WHAT YOU NEED TO DO » Retype every line from the start of the entries below down to the line with "Στο 2-2 έμειναν", both ends included; skip the pictures.

EXCERPTED DATA »
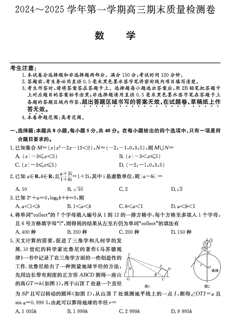 山西省三晋卓越联盟2025届高三上学期期末数学考试已于近日开考,为方便考生考后及时查看考试情况,查漏补缺、弥补不足,本文整理了试题答案解析相关信息!
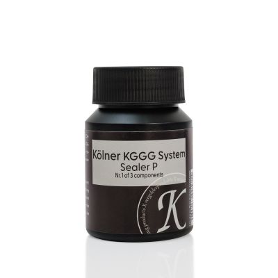 Il sistema KGGG non utilizza la solita rete ad alcool, ma una soluzione debole di colla di cuoio in acqua. La compressa di Colnasol viene sciolta in acqua calda. Dopo il raffreddamento, le reti possono essere applicate. Una compressa è sufficiente per mezzo litro d’acqua. È possibile utilizzare anche parti della tavoletta. Dopo l’applicazione della foglia d’oro, attendere 24 ore prima di lucidare l’agata.
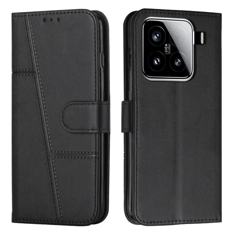 For Xiaomi 15 Stitching Calf Texture Buckle Leather Phone Case(Black)
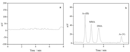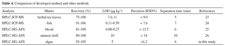 Comparison of the proposed method with others Listed in Table 4 are the experimental results of HPLC-ICP-MS,23,24 HPLC-HG-AFS,25,26 and the proposed method. In comparison with those reported methods for the separation and determination of arsenic species, the proposed method has some advantages in higher precision, more accuracy, and shorter separation time.
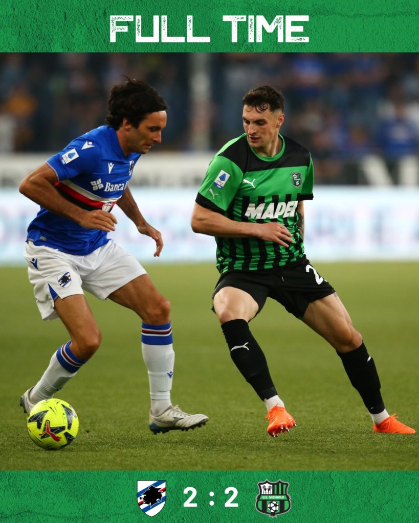 Στο 2-2 έμειναν Σαμπντόρια και Σασουόλο για την 37η αγωνιστική του ιταλικού πρωταθλήματος.
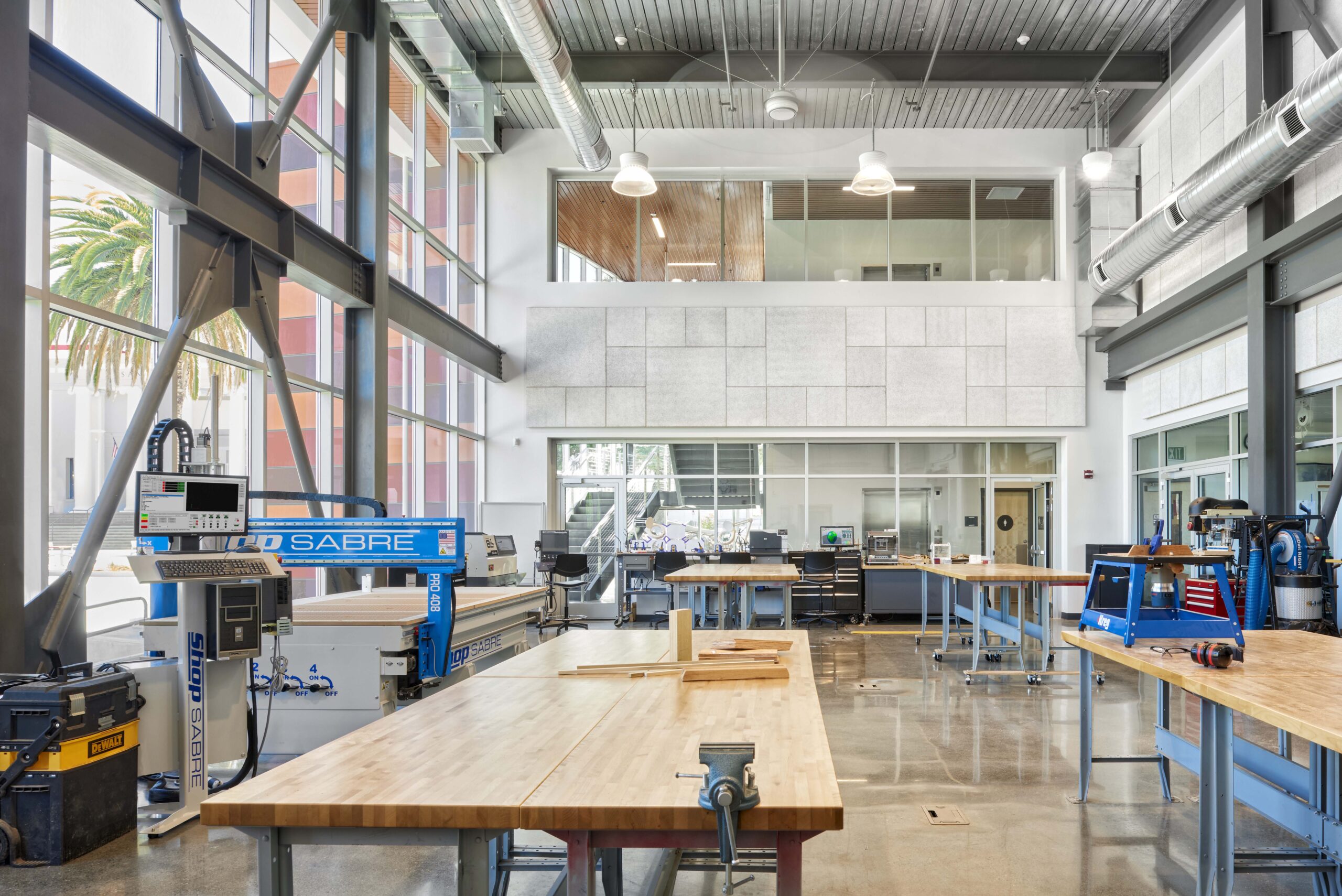 The new STEAM building includes a variety of specialized spaces such as a physics academy, science and engineering labs, a fabrication laboratory/maker space, and digital arts and music composition labs. Additional program elements include a ceramics studio, woodshop, 3D printer and plasma cutter rooms, general classrooms, and an outdoor arts patio.
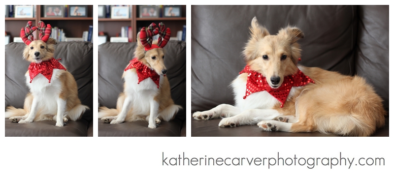 Nick did a good job in front of the camera wearing his Christmas attire!  I know that he rather have been sitting on his Daddy’s lap!  Victory also indulged me while I photographed her wearing her tartan antlers, courtesy of Biscuit.  We took Biscuit to visit Santa last year; however, Victory is still getting acclimated to her environment,  and we decided that we might try and take her to see Santa next year when she is a bit more acclimated!
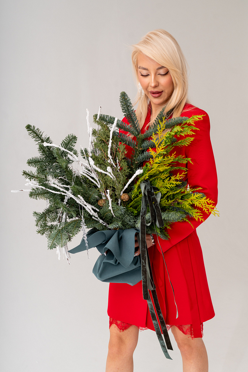 Новогодний букет из нобилиса и туи — это стильное и ароматное украшение, которое создаёт атмосферу праздника. Такие композиции сочетают в себе благородную хвою нобилиса и плотную структуру туи, дополненные декоративными элементами.
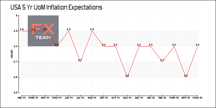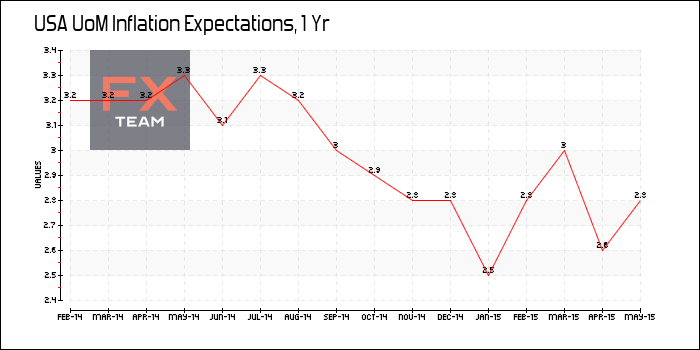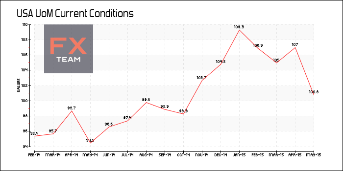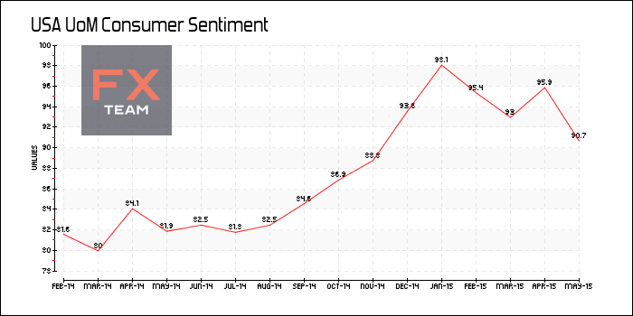По предварительной оценке, индикатор уверенности потребителей от университета Мичигана (PreliminaryUoMConsumerSentiment) составил 88,6 пункта за май 2015 г. по сравнению с 95,9 пункта в апреле. Прогнозировалось незначительное снижение показателя до 95,8 пункта.
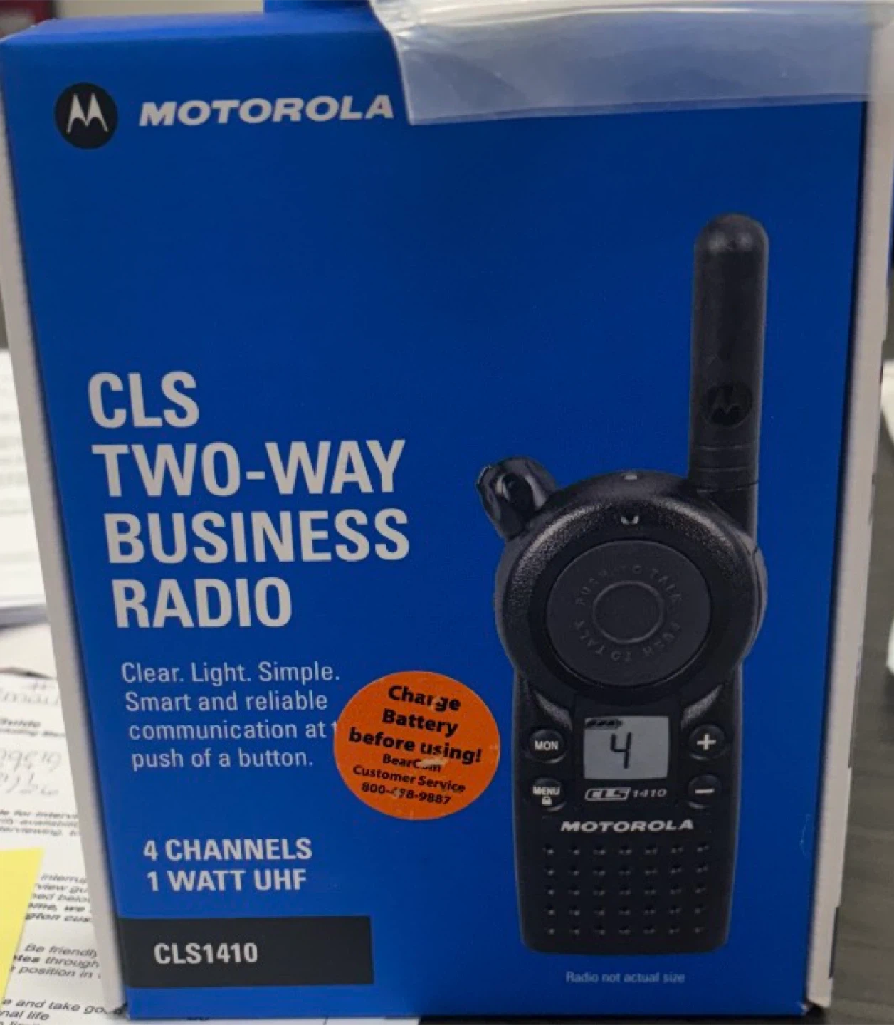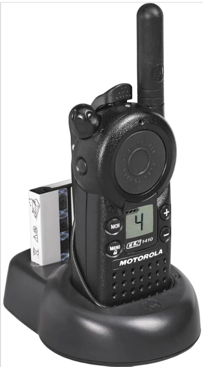 This Motorola CLS 1410 is a two-way business radio. It's a 4-channel, 1 Watt UHF radio. It comes with a charger and belt clip.

ANSWER FOR THIS EXERCISE »
 山西省三晋卓越联盟2025届高三上学期期末数学考试已于近日开考,为方便考生考后及时查看考试情况,查漏补缺、弥补不足,本文整理了试题答案解析相关信息!
 Il sistema KGGG non utilizza la solita rete ad alcool, ma una soluzione debole di colla di cuoio in acqua. La compressa di Colnasol viene sciolta in acqua calda. Dopo il raffreddamento, le reti possono essere applicate. Una compressa è sufficiente per mezzo litro d’acqua. È possibile utilizzare anche parti della tavoletta. Dopo l’applicazione della foglia d’oro, attendere 24 ore prima di lucidare l’agata.
 For Xiaomi 15 Stitching Calf Texture Buckle Leather Phone Case(Black)
 Comparison of the proposed method with others Listed in Table 4 are the experimental results of HPLC-ICP-MS,23,24 HPLC-HG-AFS,25,26 and the proposed method. In comparison with those reported methods for the separation and determination of arsenic species, the proposed method has some advantages in higher precision, more accuracy, and shorter separation time.
 Στο 2-2 έμειναν Σαμπντόρια και Σασουόλο για την 37η αγωνιστική του ιταλικού πρωταθλήματος.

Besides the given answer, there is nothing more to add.